Exercise directions » Search the entries below for the word "blue", then copy each line in which it is found.

Source data »
--- START ---
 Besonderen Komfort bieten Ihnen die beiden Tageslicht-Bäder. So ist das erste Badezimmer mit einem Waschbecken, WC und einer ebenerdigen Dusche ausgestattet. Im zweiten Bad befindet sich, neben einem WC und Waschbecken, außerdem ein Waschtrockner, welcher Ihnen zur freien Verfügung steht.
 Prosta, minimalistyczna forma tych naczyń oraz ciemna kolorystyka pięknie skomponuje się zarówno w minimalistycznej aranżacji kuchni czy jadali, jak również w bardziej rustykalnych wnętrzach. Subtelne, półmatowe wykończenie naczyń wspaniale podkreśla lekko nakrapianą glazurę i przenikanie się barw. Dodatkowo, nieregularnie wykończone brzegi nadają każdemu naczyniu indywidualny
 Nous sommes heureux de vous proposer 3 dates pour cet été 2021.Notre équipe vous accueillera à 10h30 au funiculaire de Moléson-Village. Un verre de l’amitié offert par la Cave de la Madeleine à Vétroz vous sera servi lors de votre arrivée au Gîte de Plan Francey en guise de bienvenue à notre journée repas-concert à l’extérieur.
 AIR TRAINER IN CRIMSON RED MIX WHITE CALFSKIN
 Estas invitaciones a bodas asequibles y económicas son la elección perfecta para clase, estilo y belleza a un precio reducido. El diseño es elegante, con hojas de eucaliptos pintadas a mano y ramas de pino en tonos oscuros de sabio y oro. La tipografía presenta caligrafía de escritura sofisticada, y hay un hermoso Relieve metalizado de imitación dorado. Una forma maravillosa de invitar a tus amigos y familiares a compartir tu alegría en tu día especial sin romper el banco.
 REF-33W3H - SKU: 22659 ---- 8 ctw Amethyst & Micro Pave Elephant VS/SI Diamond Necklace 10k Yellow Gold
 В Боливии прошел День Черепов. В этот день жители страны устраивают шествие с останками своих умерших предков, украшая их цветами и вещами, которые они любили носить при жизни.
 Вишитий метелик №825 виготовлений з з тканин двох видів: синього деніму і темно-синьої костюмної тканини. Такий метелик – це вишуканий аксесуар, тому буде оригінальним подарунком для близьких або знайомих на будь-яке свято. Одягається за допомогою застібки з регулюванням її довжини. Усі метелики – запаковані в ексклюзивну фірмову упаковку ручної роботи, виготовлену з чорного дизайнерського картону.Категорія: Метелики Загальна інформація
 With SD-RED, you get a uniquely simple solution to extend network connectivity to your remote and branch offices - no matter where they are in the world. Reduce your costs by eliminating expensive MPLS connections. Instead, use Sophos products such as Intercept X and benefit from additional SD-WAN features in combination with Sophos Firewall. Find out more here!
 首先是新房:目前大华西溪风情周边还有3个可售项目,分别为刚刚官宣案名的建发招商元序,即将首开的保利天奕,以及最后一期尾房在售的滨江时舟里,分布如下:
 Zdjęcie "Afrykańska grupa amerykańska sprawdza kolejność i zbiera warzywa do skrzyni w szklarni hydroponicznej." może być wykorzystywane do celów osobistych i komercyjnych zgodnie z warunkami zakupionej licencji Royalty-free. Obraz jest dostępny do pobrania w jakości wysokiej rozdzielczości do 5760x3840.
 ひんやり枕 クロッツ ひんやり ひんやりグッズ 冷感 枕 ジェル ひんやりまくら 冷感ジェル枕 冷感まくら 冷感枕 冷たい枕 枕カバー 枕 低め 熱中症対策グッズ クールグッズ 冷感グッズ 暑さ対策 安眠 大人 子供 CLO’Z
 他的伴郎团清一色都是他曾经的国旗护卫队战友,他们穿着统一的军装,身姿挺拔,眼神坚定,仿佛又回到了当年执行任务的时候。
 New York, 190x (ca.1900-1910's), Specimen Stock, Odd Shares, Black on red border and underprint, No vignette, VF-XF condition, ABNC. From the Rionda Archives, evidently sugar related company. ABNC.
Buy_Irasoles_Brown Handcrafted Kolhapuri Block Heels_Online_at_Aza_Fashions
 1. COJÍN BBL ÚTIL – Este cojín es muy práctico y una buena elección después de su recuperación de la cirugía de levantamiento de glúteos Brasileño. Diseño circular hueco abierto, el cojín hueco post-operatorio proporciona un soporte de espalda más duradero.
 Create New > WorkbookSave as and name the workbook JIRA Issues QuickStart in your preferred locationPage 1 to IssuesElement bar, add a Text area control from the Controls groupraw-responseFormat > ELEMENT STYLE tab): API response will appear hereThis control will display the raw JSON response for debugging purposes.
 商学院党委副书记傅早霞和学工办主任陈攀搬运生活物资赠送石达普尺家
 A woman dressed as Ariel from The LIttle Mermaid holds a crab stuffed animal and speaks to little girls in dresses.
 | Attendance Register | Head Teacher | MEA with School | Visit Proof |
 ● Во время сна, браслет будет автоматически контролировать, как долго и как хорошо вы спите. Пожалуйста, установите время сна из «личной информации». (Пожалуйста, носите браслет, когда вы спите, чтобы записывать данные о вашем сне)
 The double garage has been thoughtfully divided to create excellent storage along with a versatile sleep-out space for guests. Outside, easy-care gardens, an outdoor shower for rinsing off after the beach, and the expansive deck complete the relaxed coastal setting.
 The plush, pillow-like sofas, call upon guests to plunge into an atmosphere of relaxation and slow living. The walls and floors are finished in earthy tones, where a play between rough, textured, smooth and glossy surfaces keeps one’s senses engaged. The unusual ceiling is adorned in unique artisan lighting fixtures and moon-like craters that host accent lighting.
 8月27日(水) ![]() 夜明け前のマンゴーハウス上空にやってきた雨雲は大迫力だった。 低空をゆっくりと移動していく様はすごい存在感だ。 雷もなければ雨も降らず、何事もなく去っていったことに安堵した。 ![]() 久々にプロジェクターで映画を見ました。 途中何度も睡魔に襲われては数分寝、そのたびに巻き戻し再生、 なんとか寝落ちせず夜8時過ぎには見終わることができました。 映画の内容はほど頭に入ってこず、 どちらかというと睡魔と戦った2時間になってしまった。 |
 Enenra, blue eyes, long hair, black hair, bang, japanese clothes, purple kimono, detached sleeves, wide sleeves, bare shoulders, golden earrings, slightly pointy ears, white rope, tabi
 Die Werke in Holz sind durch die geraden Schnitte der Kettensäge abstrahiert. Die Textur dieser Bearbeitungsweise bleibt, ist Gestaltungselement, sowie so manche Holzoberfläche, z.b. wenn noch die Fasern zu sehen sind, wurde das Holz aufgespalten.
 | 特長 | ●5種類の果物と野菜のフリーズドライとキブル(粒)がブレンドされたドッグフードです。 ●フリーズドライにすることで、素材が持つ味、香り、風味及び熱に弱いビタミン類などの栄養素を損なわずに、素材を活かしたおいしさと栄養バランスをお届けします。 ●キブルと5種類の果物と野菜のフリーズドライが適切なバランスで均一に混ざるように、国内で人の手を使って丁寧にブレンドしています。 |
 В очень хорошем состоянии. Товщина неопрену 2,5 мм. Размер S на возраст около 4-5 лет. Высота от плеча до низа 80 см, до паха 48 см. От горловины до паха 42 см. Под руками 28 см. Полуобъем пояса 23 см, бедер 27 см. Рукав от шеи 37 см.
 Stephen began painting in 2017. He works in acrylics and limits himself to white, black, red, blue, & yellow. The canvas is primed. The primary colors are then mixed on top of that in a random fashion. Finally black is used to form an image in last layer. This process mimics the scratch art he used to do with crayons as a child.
--- END ---
Result »
 Enenra, blue eyes, long hair, black hair, bang, japanese clothes, purple kimono, detached sleeves, wide sleeves, bare shoulders, golden earrings, slightly pointy ears, white rope, tabi
 Stephen began painting in 2017. He works in acrylics and limits himself to white, black, red, blue, & yellow. The canvas is primed. The primary colors are then mixed on top of that in a random fashion. Finally black is used to form an image in last layer. This process mimics the scratch art he used to do with crayons as a child.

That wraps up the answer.